The fact that Christianity developed – that the sixteenth century, for instance, looked very different from the third, and that both looked very different from the twenty-first – can sometimes lead us to wonder what the essential core of Christianity is. As a result, some people decide to ignore history altogether and try to reconstruct “real Christianity” with nothing more than a Bible. But this approach misses a great deal. Christians of the past were no less concerned with being faithful to God than we are, and they sought to fit together all that the Scripture has to say about the mysteries of Christianity – the incarnation, the Trinity, predestination, and more – with all the intellectual power of their times. To ignore these insights is to attempt to reinvent the wheel, and to risk reinventing it badly.

The Heart of Christ

Thomas Goodwin

The sweetness of Thomas Goodwin’s 1651 book has become all the fuller with age. Instead of being driven to the edge of irrelevance by the busyness of the modern world, Goodwin’s exposition of God’s love for his people proves to be acutely applicable to our day. The first part of the book reveals how heaven amplifies Jesus’s love for his disciples, reminding readers that the God who extended grace to the bumbling Peter readily extends grace to you and me. Goodwin notes, “now that he is in heaven, his heart remains as graciously inclined to sinners that come to him, as ever on earth (4).” In the second and third part of the book, Goodwin unpacks the heart of Hebrews 4:15 which declares the Jesus is a high priest who “was in all points tempted like us, yet without sin.” He also traces Christ’s love for his people throw the Trinity, amplifying the love of God exemplified through the mercy and grace of God.
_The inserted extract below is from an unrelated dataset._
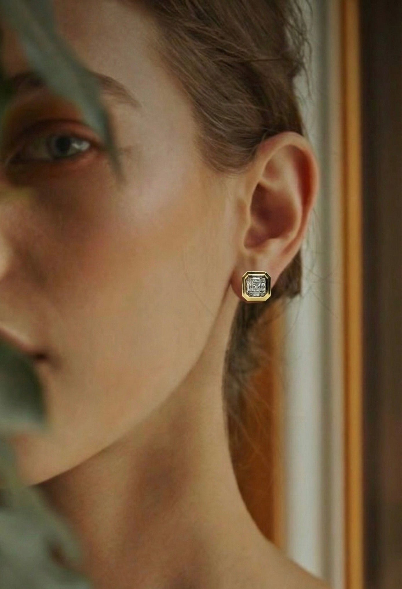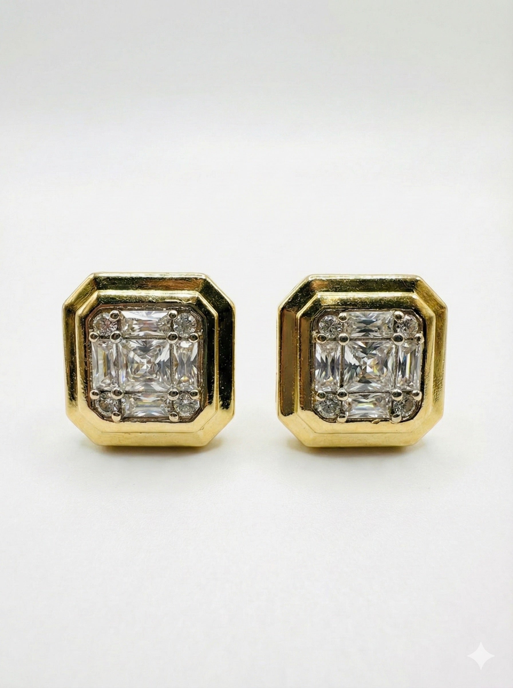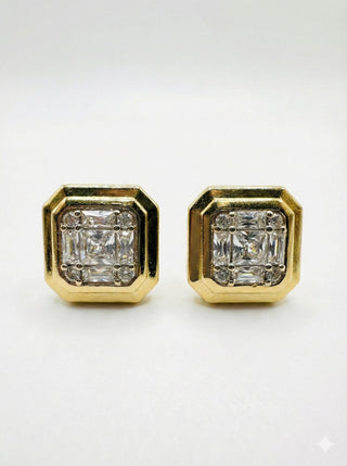 Klasik zarafeti modern bir tasarımla buluşturan bu göz alıcı küpeler, stilinizin tamamlayıcısı olacak. Altın tonlu sekizgen çerçeve içerisine yerleştirilmiş, merkezdeki iddialı kesim parlak taşı çevreleyen zarif detaylar, yoğun bir ışıltı sunar. Hem günlük kullanımda hem de özel davetlerde şıklığınızı vurgulamak için mükemmel bir tercihtir.

Goodwin’s recounting of God’s love for his people proves a refreshing correction to the works righteousness that dominates much of the evangelical world. Though the author’s old English could prove a little cumbersome for some readers, Goodwin’s small book will prove to be a powerful dose of encouragement for souls worn down by sickness, relationship difficulties, and the pressures put upon them by well-meaning religious folks who think God’s love flows through choir practices, painting projects, and Wednesday morning Bible studies. We don’t need those things to earn Jesus’s love. Christ’s heart is always towards his people.


But then, some greatly distressed souls might question thus: Though he pities me, and is affected, yet my misery and sins being great will he take them in to the full, lay them to heart, to pity me according to the greatness of them? To me with this thought therefore, and to prevent even this objection about Christ’s pity the apostle sets him out by what was the duty of the high priest, who was his shadow; that he is one that ‘can have compassion according to the measure of every one’s distress’s…Thy misery can never exceed his mercy.